▶ _Requirement_: All of the data below should come back exactly as written, minus its images.

▶ _Provided material_:
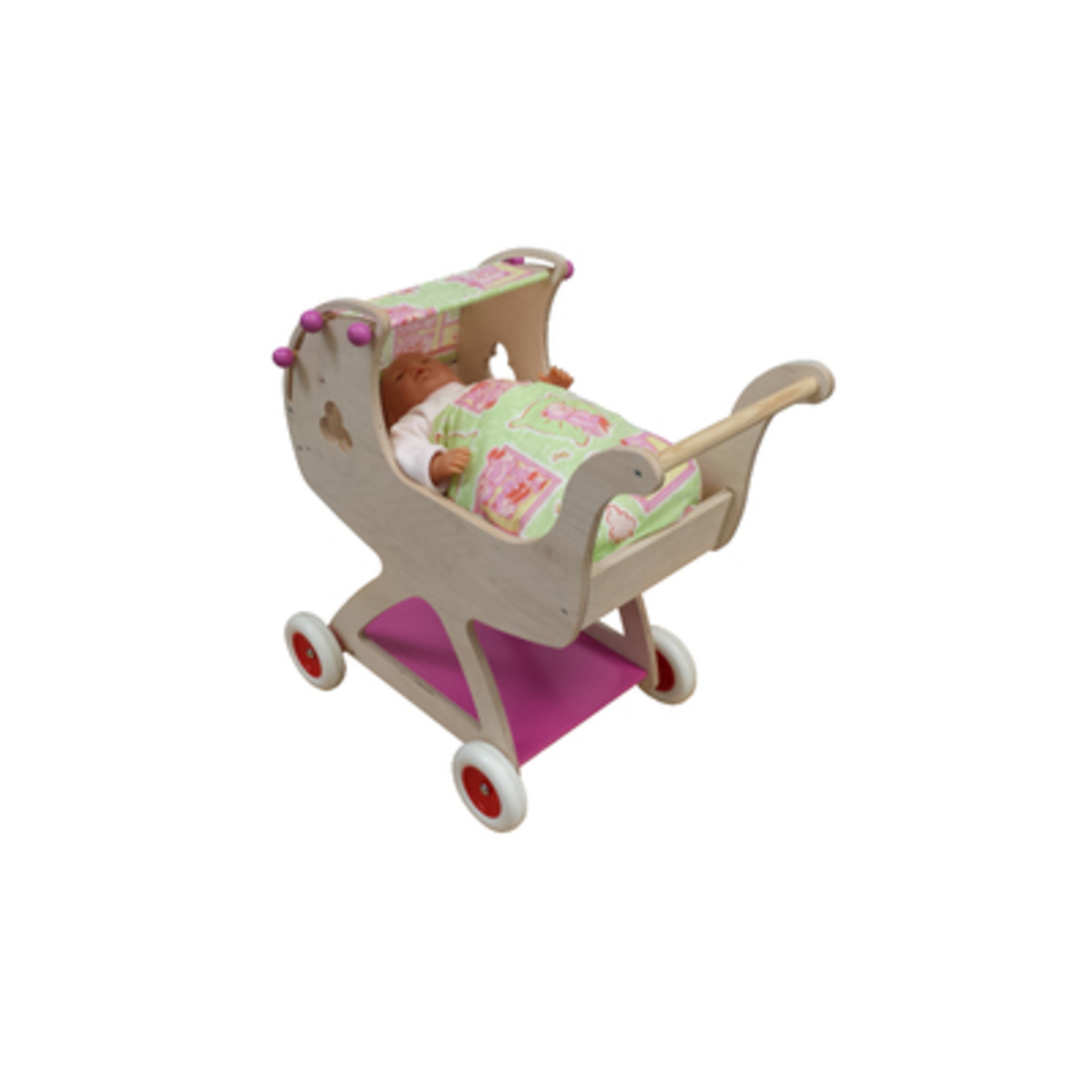 Formes arrondies et capote amovible. Livré avec une couette.Dim. (L x l x H) : 63 x 35 x 60 cm
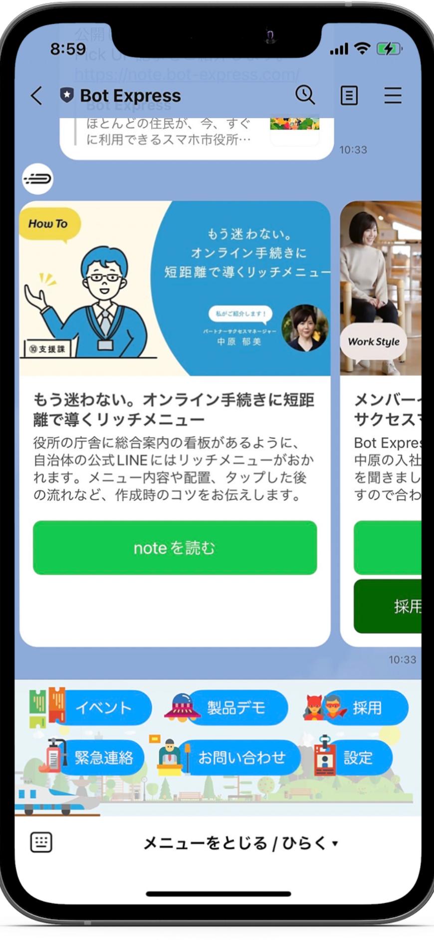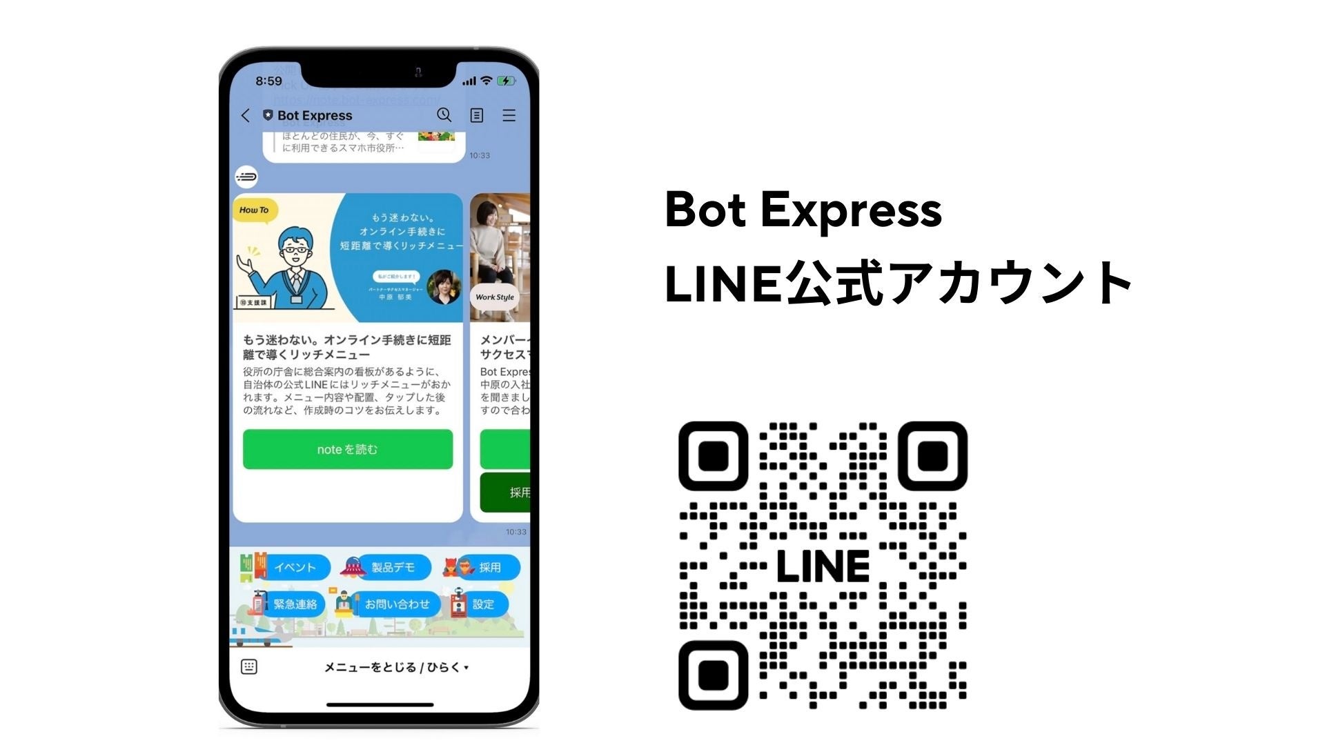 Bot Express LINE公式アカウントから、GovTech Expressの操作感を体験できます。事例共有イベント情報や最新の自治体事例などもメッセージでお届けします。
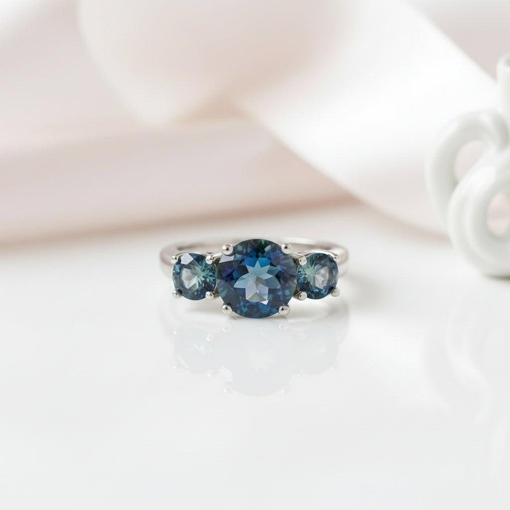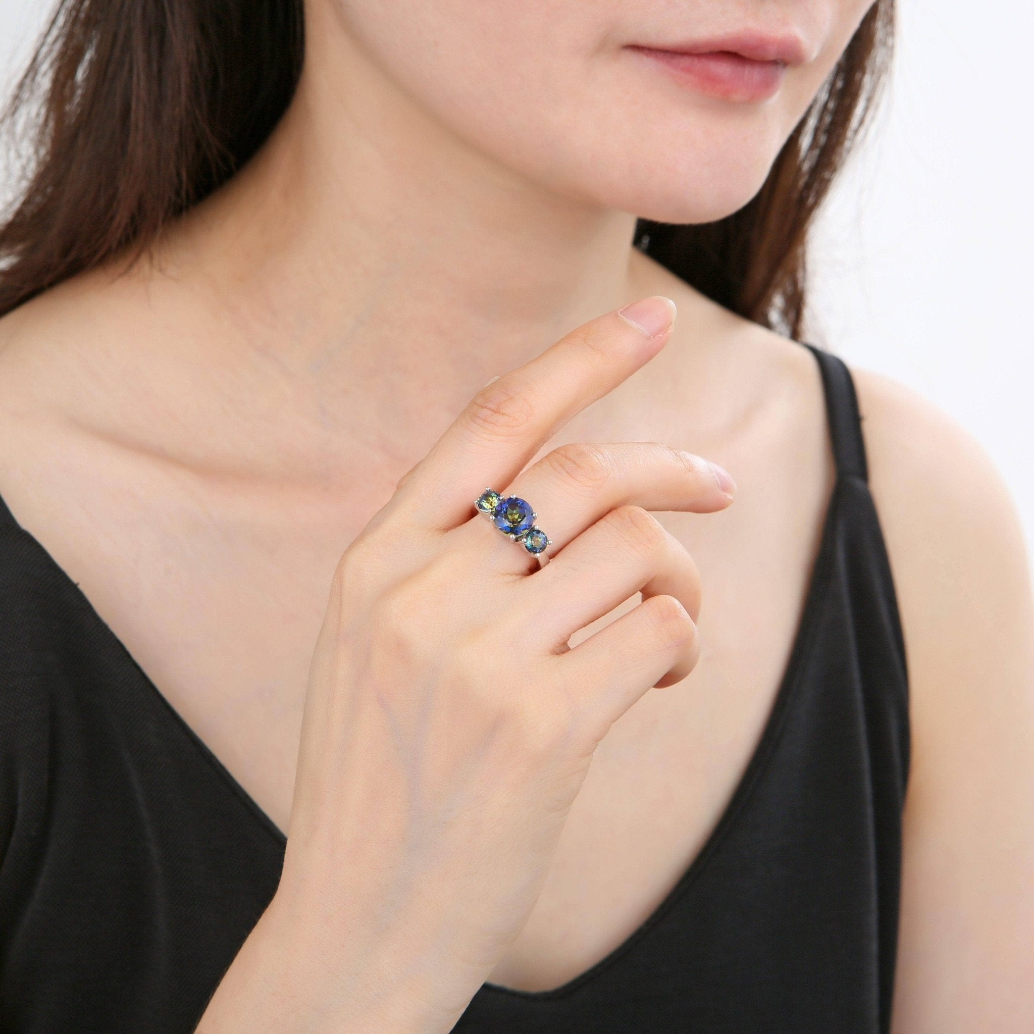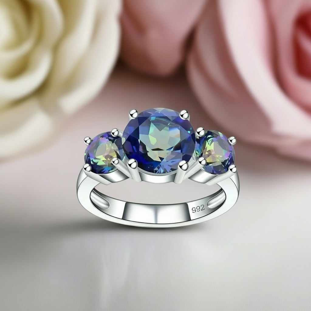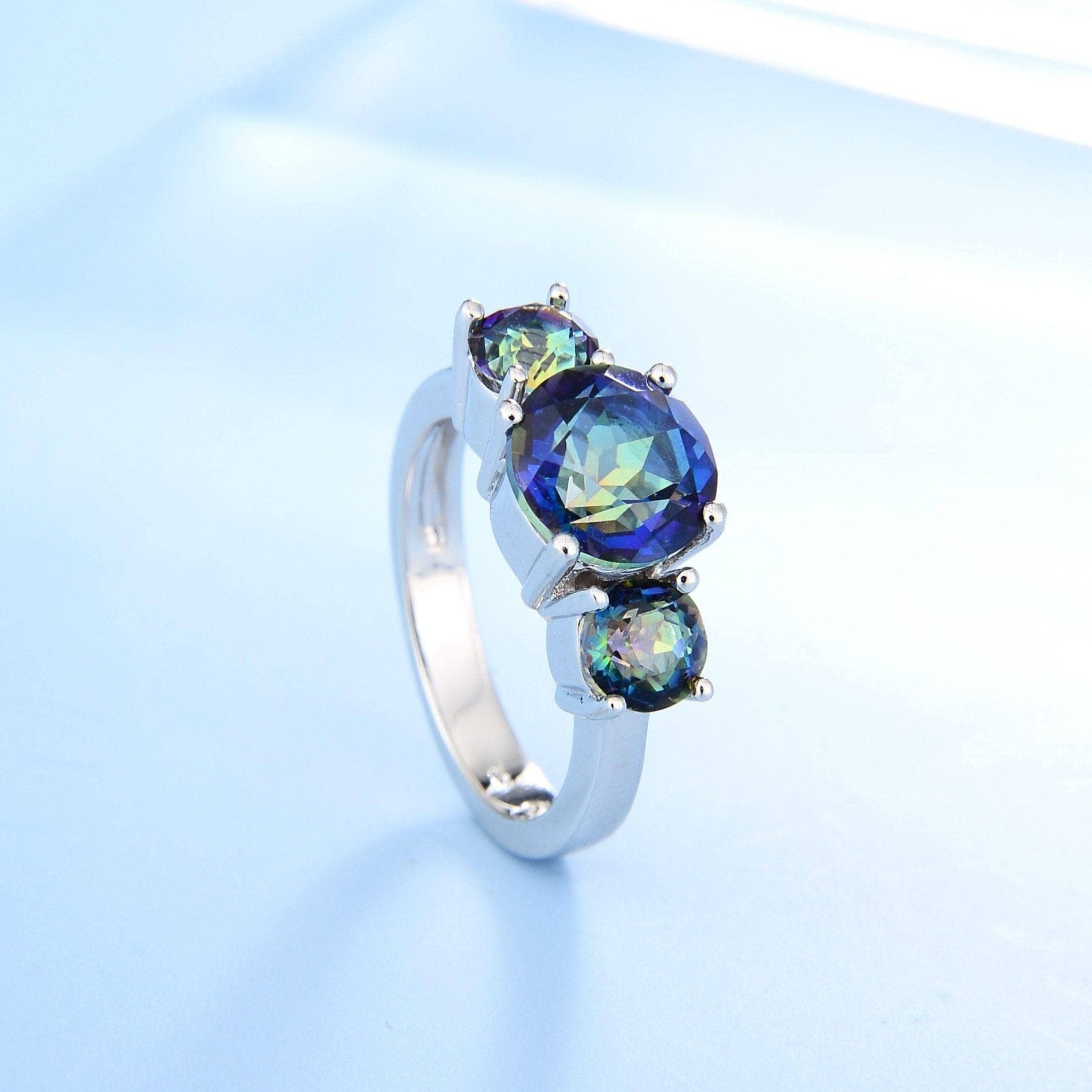 Captivating Three Natural Mystic Topaz Birthstone Ring featuring a stunning 8mm round main Mystic Topaz gemstone, elegantly complemented by two 5mm round Mystic Topaz side stones. The premium prong setting securely showcases these mesmerizing gems, creating a dazzling effect that will draw compliments wherever you go. This exquisite piece transforms any outfit from ordinary to extraordinary.

▶ _Expected answer_:
 Formes arrondies et capote amovible. Livré avec une couette.Dim. (L x l x H) : 63 x 35 x 60 cm
 Bot Express LINE公式アカウントから、GovTech Expressの操作感を体験できます。事例共有イベント情報や最新の自治体事例などもメッセージでお届けします。
 Captivating Three Natural Mystic Topaz Birthstone Ring featuring a stunning 8mm round main Mystic Topaz gemstone, elegantly complemented by two 5mm round Mystic Topaz side stones. The premium prong setting securely showcases these mesmerizing gems, creating a dazzling effect that will draw compliments wherever you go. This exquisite piece transforms any outfit from ordinary to extraordinary.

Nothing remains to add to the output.